Home values Assessment records indicate that the value of homes in a small city is skewed right, with a mean of \(\$ 140,000\) and standard deviation of \(\$ 60,000\). To check the accuracy of the assessment data, officials plan to conduct a detailed appraisal of 100 homes selected at random. Using the \(68-95-99.7\) Rule, draw and label an appropriate sampling model for the mean value of the homes selected.

Short Answer

Expert verified
The mean value of homes is \$140,000 with a standard error of \$6,000. According to the 68-95-99.7 rule, approximately 68% of the sample means will fall between \$134,000 and \$146,000, 95% between \$128,000 and \$152,000, and 99.7% will fall between \$122,000 and \$158,000.

Step by step solution

01

Calculate the standard error

The standard error (SE) is the standard deviation of the sampling distribution.
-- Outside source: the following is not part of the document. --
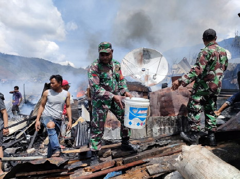 BNEWS - Sebanyak 30 prajurit TNI personel Kodim 1714/Puncak Jaya, Papua, dipimpin langsung Dandim Letkol Inf Denny Salurerung, bersama masyarakat berjibaku memadamkan api yang melahap bangunan Pasar Kota Baru.

In other words, it's the standard deviation of the means of all possible samples of a given size from a population. The standard error can be calculated with the following formula: \(SE = \frac{σ}{\sqrt(n)}\), where \(σ\) is the population standard deviation and \(n\) is the sample size. So the Standard Error (SE) for the mean value of homes will be \(\$60,000 / \sqrt{100}\) = \$6,000.
02

Draw the sampling model using the 68-95-99.7 rule

According to the 68-95-99.7 rule, for a normally distributed set of data, 68% of data points will fall within plus or minus one standard error from the mean (\$140,000 ± \$6,000), 95% will fall within two standard errors (\$140,000 ± \$12,000), and 99.7% will fall within three standard errors (\$140,000 ± \$18,000). Label the mean (µ = \$140,000) in the center of your drawing, then sketch the deviations appropriately based on the calculated standard error.
03

Interpret the Model

The model gives an understanding of where the mean house price is likely to fall assuming the appraisal of 100 houses is a random sample from the population of all houses. If officials repeat the sampling many times, they can expect 68% of the sample means to fall between \$134,000 and \$146,000, 95% to fall between \$128,000 and \$152,000, and virtually all (99.7%) to fall between \$122,000 and \$158,000. This gives a perspective on the variability they might see from sample to sample.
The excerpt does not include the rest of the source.